Can charter schools boost student achievement, drive educational innovation, and develop a new model of accountability for public schools? Where did the idea of charter schools come from? What would the future hold if this phenomenon spreads? These are some of the questions that this book answers. It addresses pupil performance, enrollment patterns, school start-up problems, charges of inequity, and smoldering political battles. It features close-up looks at five real—and very different—charter schools and two school districts that have been deeply affected by the charter movement, including their setbacks and triumphs. After outlining a new model of education accountability and describing how charter schools often lead to community renewal, the authors take the reader on an imaginary tour of a charter-based school system.
Charter schools are the most vibrant force in education today. This book suggests that their legacy will consist not only of helping millions of families obtain a better education for their children but also in renewing American public education itself.

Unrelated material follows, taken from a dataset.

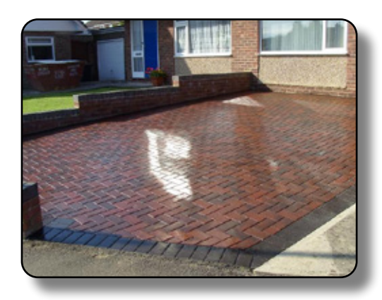
Concrete cures and sealers

Chester E. Finn, Jr. is President of the Thomas B. Fordham Foundation and John M. Olin Fellow at the Manhattan Institute. As a senior fellow at the Hudson Institute, he directed the "Charter Schools in Action" project. From 1985 to 1988, he served as Assistant U.S. Secretary of Education. Finn is the author or editor of hundreds of articles and a dozen books on education issues, including The Educated Child: A Parent's Guide, which he coauthored with William J. Bennett and John T.E. Cribb, Jr. Bruno V. Manno is Senior Fellow in Education at the Annie E. Casey Foundation and former U.S. Assistant Secretary of Education for Policy and Planning. Gregg Vanourek, who has served as Vice President for Programs at the Thomas B. Fordham Foundation and Research Fellow at the Hudson Institute, is an M.B.A. candidate at the Yale School of Management.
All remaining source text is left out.